В письме Визебиуса Мандычевского, директора архива Венского общества любителей музыки, к семье Миллер фон Айххольц от 26 августа 1896 года так описывается состояние Брамса: «Я не видел Брамса со времени его пребывания в Вене и нахожу его состояние плачевным. Сам он, правда, утверждает, что чувствует себя неплохо, но попытки бодриться даются ему с трудом. Он выглядит так, будто ему 83 года, а не 63. Настроен он, однако, если и не очень весело, то и не особенно грустно. Лечение в Карлсбаде ненадолго улучшило его состояние, и он хочет в сентябре снова туда отправиться». Похожее впечатление оказала встреча с Брамсом 28 августа и на Рихарда Хойберга, который писал: «Его вид ужасен.
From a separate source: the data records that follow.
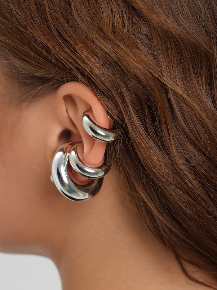 В набор входят четыре элемента, три из которых имеют плавные дуги, что создает невероятный визуальный эффект. Металлический материал, из которого выполнены серьги и каффы, обеспечивает прочность и долговечность, а их стильный дизайн придаст вашему стилю неповторимые нотки. Специальная застёжка позволяет носить эти аксессуары без прокола, что делает их доступными для любой женщины.
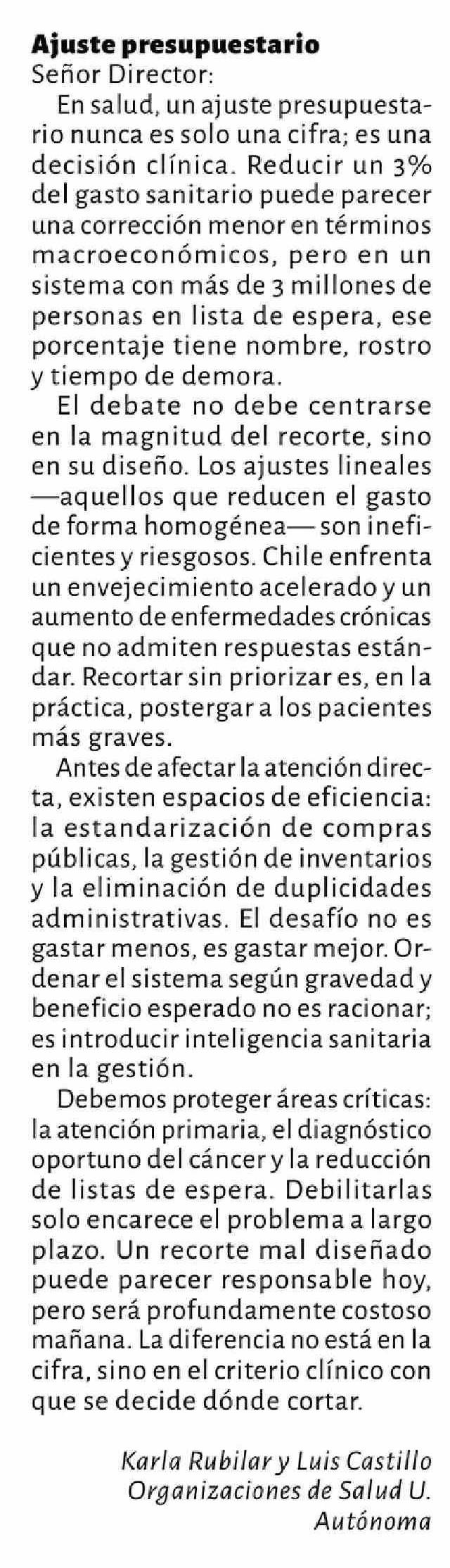 | Título: | Cartas: Ajuste presupuestario Señor Director: En salud, un ajuste presupuestario nunca es solo una cifra; es una decisión clínica. Reducir un 3% del gasto sanitario puede parecer una corrección menor en términos macroeconómicos, pero en un sistema con más de 3 millones de personas en lista de espera |
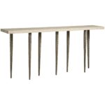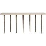 The Lowry Console is a striking piece of modern design that celebrates the interplay of positive and negative space. Its slender, nickel-finished metal legs create an airy, almost ethereal quality, while the solid white travertine top provides a grounding element. This bold combination of materials and minimalist design makes the Lowry Console a captivating focal point for any hallway or entryway.
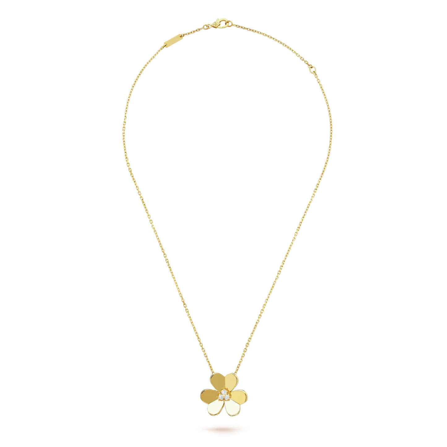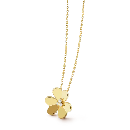 Like so many flowers dancing in the breeze, the Frivole® creations by Vthtan Clthteef & Arthtpels stand out with their graphic and airy aesthetic. Mirror-polished 18K gold or diamonds bestow a singular radiance upon heart-shaped petals.
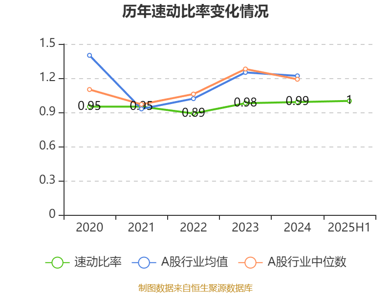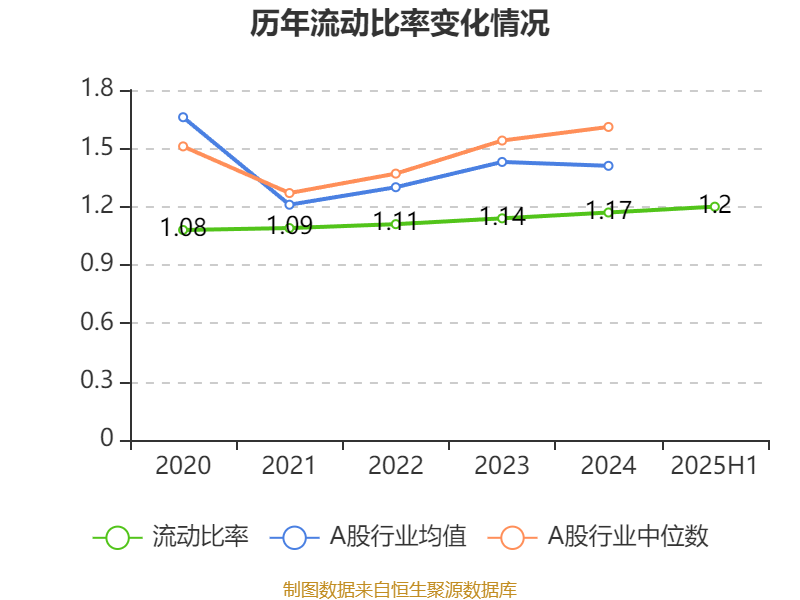 2025年上半年,公司流动比率为1.20,速动比率为1。

Длинная белая борода, худое лицо, желтые глаза. Одежда болтается на нем, как на вешалке. За несколько месяцев он из пышущего здоровьем мужчины превратился в немощного старика».
31 августа Брамс собрался в Вену для консультации со знакомым ему профессором Тоэльгом. У него пока еще не было болевых симптомов, аппетит не ухудшался. Его сильно обеспокоила начавшаяся бессонница, но вскоре она прошла, о чем Брамс не преминул радостно сообщить Хойбергеру, навестившему его 30 августа.

Вскоре после консультации с доктором Тоэльгом в Вене, который нашел его состояние серьезным, но не безнадежным, Брамс поехал в Карлсбад. 14 сентября Мандычевский сообщает семье Миллер фон Айххольц, что Иоганнес доволен пребыванием на курорте. Но уже 28 сентября в следующем письме Мандычевский пишет о том, что улучшений не наблюдается. Доктор Грюнбср-гер, осмотревший Брамса 24 сентября, свидетельствует о том, что у него сильно увеличилась печень, но что о новообразованиях речь пока не идет.
5 октября Мандычевский сообщает семье фон Айххольц, что Брамс снова в Вене и состояние его остается прежним, однако, он все еще бодр и много ходит пешком. Сам Брамс так пишет о самочувствии Й.Ф.Видма-ну в октябре: «Мое недомогание не должно тревожить Вас ни в коей мере. Это обыкновенная желтуха, которая, однако, не хочет отстать от меня. Во всяком случае, у меня ничего не болит и ничто не беспокоит. Аппетит по-прежнему превосходен». Анализы крови и мочи, проведенные в середине месяца, не выявили ничего серьезного, хотя доктор Фрёптл, домашний врач, не хотел доверять обнадеживающим результатам и подозревал худшее. Профессор Тоэлг настаивал даже на операции, «. если только не поздно».
Самочувствие Брамса изменялось то в лучшую, то в худшую сторону. Он осознавал серьезность своего положения, но старался как можно меньше думать об этом. Он легко давал врачам успокоить себя и, казалось, не замечал, что фрау Трукса, домоправительница, втайне от него ушивала одежду, чтобы ему казалось, что он снова набирает форму.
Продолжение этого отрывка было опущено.